Will a busy month for HSBC shares continue in the New Year?

December saw a number of news stories impacting the HSBC share price. Can we expect the same in January 2020?

| More on:

The content of this article was relevant at the time of publishing. Circumstances change continuously and caution should therefore be exercised when relying upon any content contained within this article.

When investing, your capital is at risk. The value of your investments can go down as well as up and you may get back less than you put in.

Read More

The content of this article is provided for information purposes only and is not intended to be, nor does it constitute, any form of personal advice. Investments in a currency other than sterling are exposed to currency exchange risk. Currency exchange rates are constantly changing, which may affect the value of the investment in sterling terms. You could lose money in sterling even if the stock price rises in the currency of origin. Stocks listed on overseas exchanges may be subject to additional dealing and exchange rate charges, and may have other tax implications, and may not provide the same, or any, regulatory protection as in the UK.

You’re reading a free article with opinions that may differ from The Motley Fool’s Premium Investing Services. Become a Motley Fool member today to get instant access to our top analyst recommendations, in-depth research, investing resources, and more. Learn More.

As 2019 comes to a close, it is fairly normal in the financial markets for things to start dying down. Less news, fewer company announcements, and people beginning their holidays (not to mention the ‘holiday mood’ in the office), usually mean there is just less action towards the end of the year. HSBC Holdings (LSE: HSBA) certainly seems to be bucking this trend, and not necessarily for the good.

Reshuffle

Earlier this month interim CEO Noel Quinn announced another big move as part of his restructuring efforts – a reshuffle of its top executives and the hiring of a new Chief Operating Officer, John Hinshaw, formally of Hewlett Packard.

The move comes as the bank is set to unveil its full restructuring plans in the New Year, which we already know will include large cost-cutting efforts across staff, as well as a shifting of resources away from the US and Europe and towards HSBC’s more profitable markets in Asia.

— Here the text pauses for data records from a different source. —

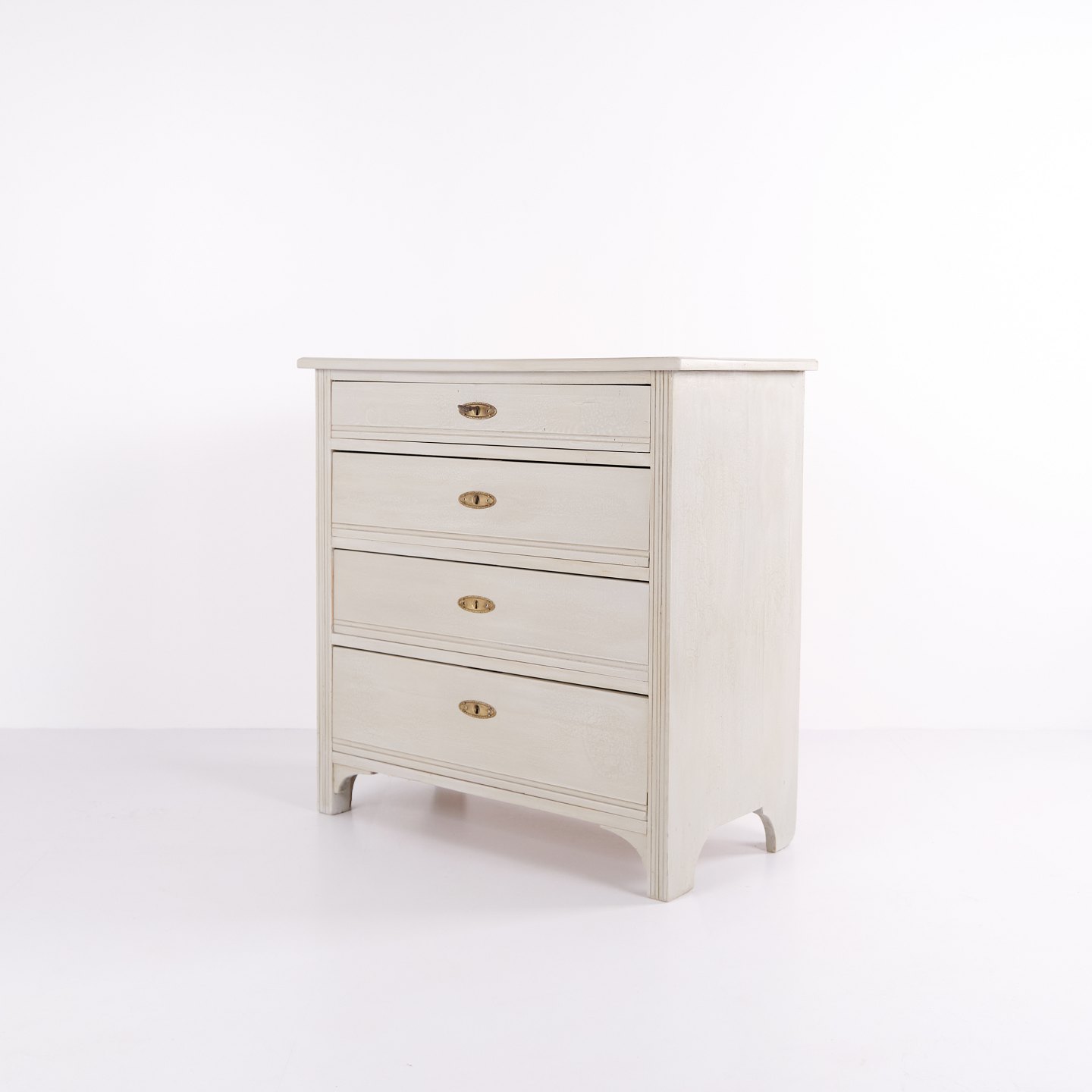 Antik kommode fra 1890’erne med fire skuffer. Gråmalet træ og klassisk formsprog med smuk patina.
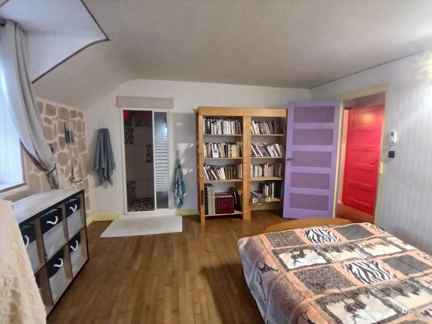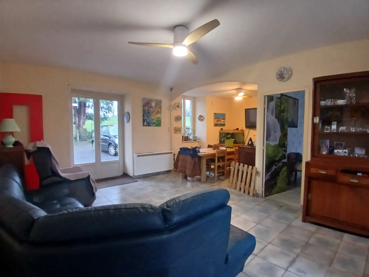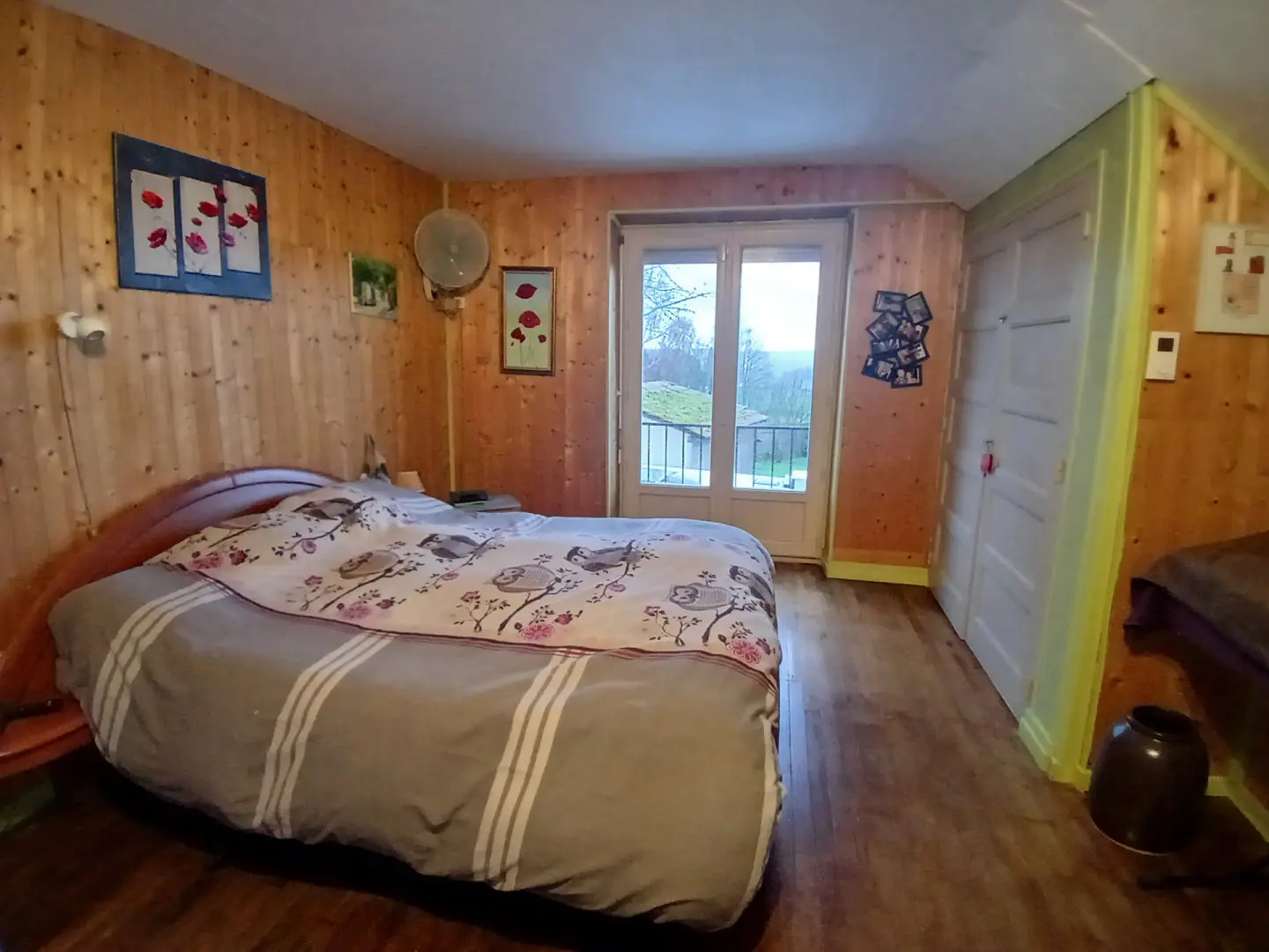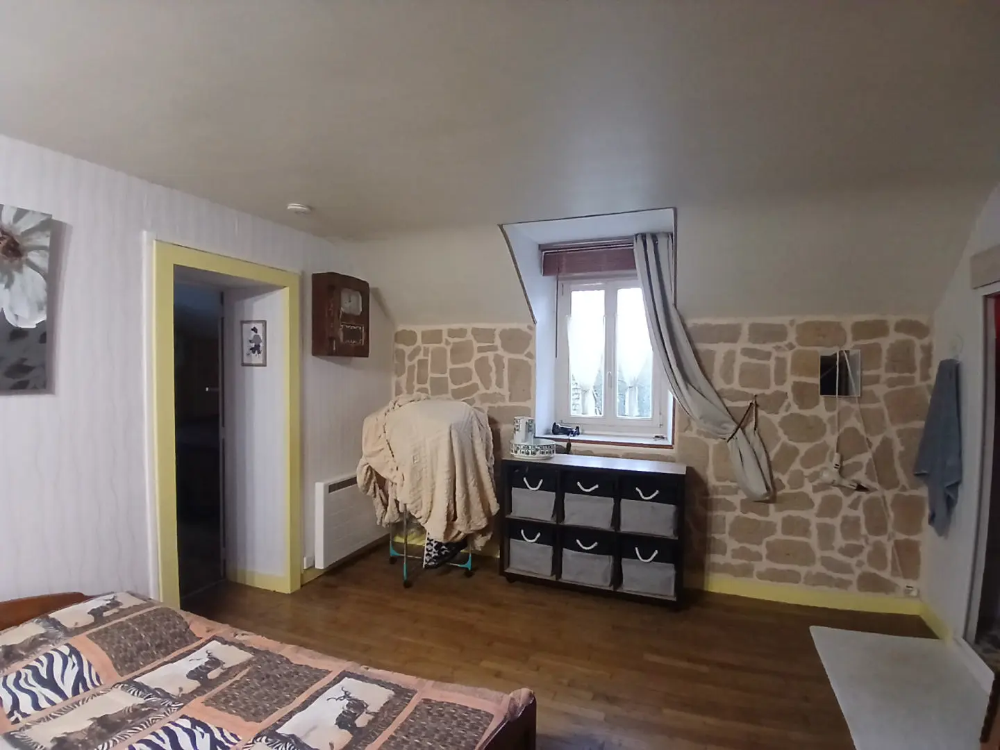 The house presents a regional architectural style with its stone exterior, an independent barn, and an entrance leading to a large courtyard driveway. It also features a mature garden with numerous fruit trees. The property has been updated with an efficient central heating system and double glazing. The ground floor comprises two bedrooms, a living room, a kitchen, and a bathroom. Upstairs, there are two additional bedrooms, an office, and a shower room. One of the upstairs bedrooms includes a small balcony that overlooks the garden. An attic space of 40 m² is available for potential conversion, subject to planning permission.
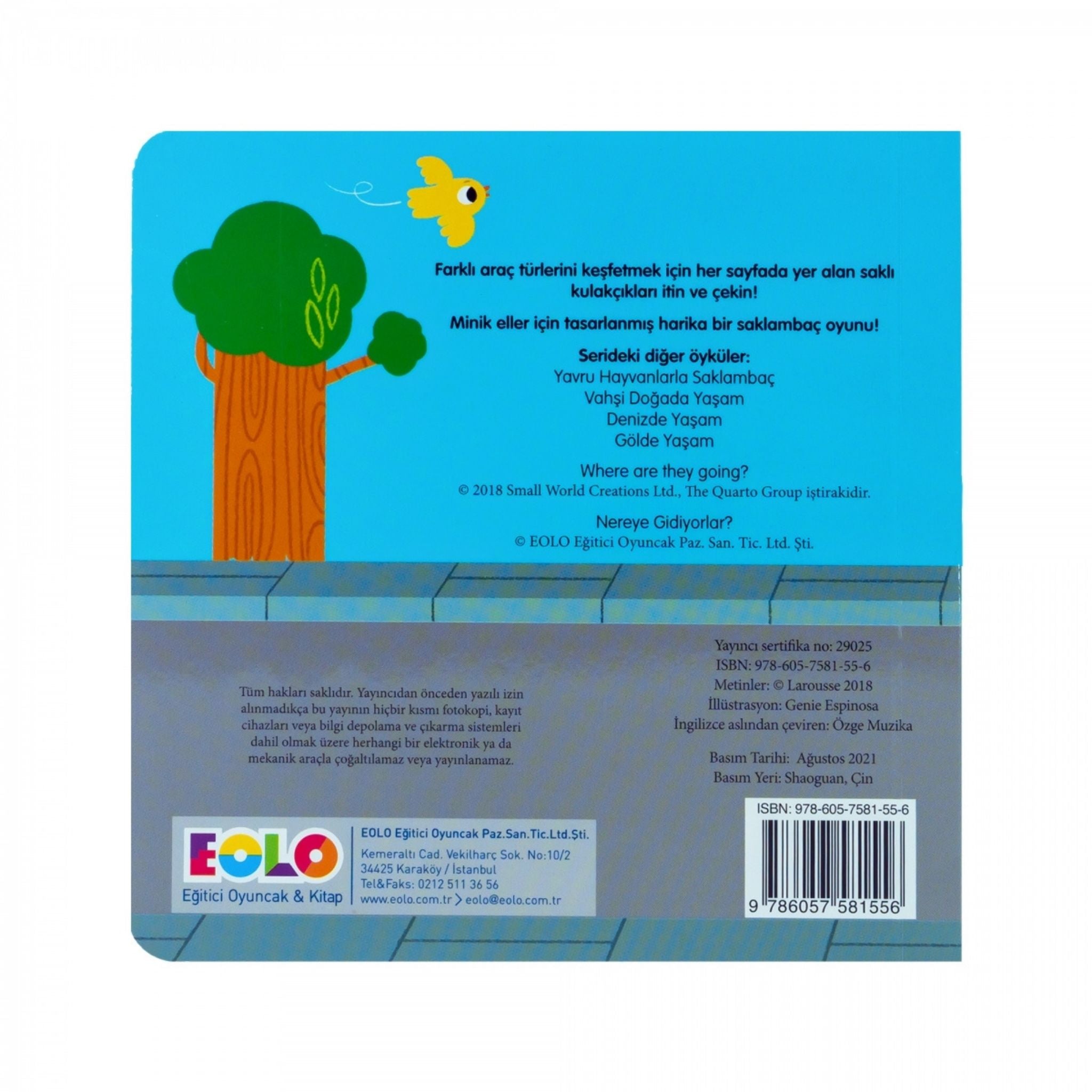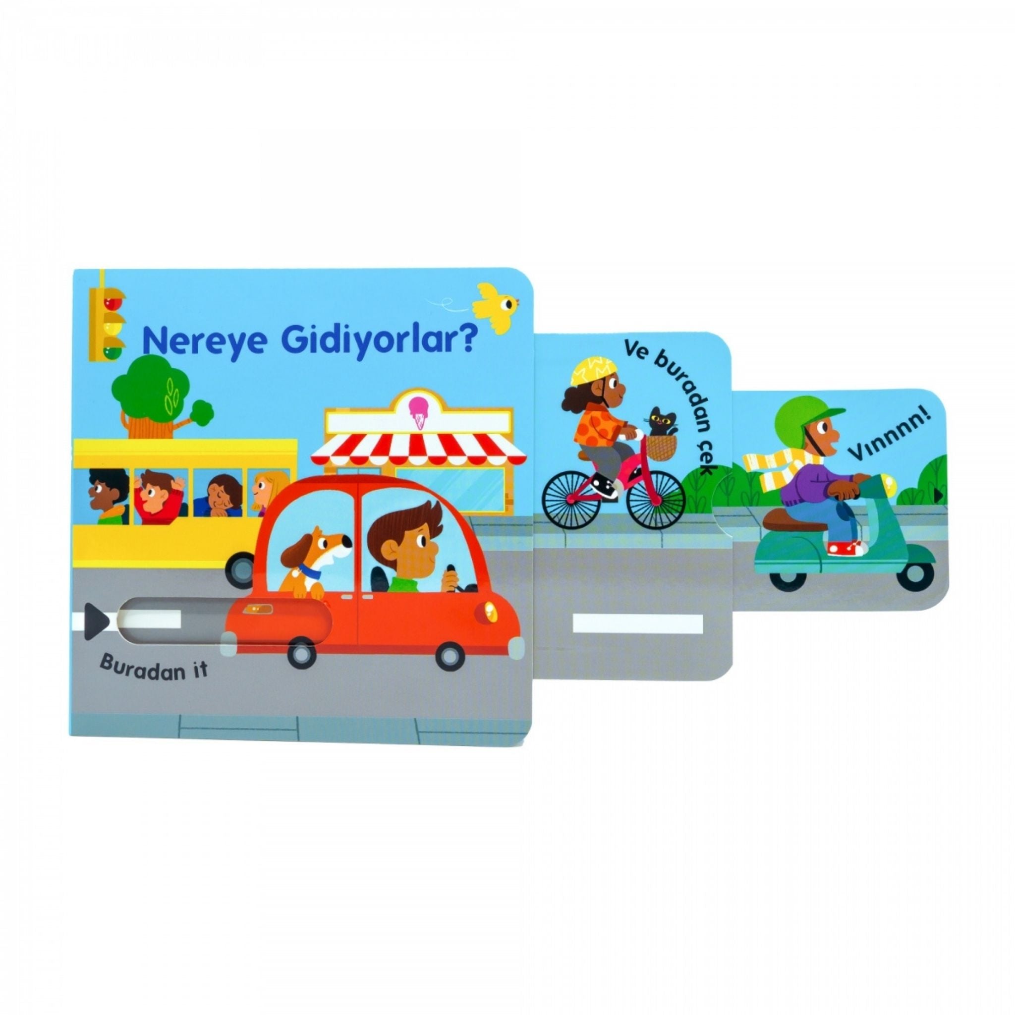 Nereye Gidiyorlar? 2 yaş ve üzeri çocuklara yönelik hazırlanan, sürgülü sayfalarıyla taşıtların dünyasını keşfetmeyi eğlenceli hâle getiren bir kitaptır. Minikler bu kitapla, farklı taşıtların hangi özelliklere sahip olduğunu öğrenirken kelime dağarcıklarını da geliştirir. Parça-bütün ilişkisi kurma, dikkat ve konsantrasyonu artırma, el-göz koordinasyonu ile ince motor becerilerini destekleme gibi pek çok yönden çocukların gelişimine katkı sağlar. Renkli ve canlı tasarımı sayesinde çocuklar, her yeni sayfada merak duygularını koruyarak keyifli bir okuma deneyimi yaşar.

The bank said the changes will “position the group for the next phase of its strategy”, which almost certainly means losing some of the current 237,000 headcount – a number that has always been seen as too large and filled with bureaucracy.

I think this, as well as the other changes we can expect to see, will benefit the bank and its shareholders. Consolidating its assets to some extent in Asia may also be a good move, concentrating efforts and capital where they can do the most good. Unfortunately, December also saw perhaps the first major snag for HSBC on this front.

Protestors need bank accounts

The protests in Hong Kong have been causing some concern for many companies operating in the region, though risks and uncertainty have generally been the problem more than actual costs or troubles. Today though, HSBC may have just got more directly involved.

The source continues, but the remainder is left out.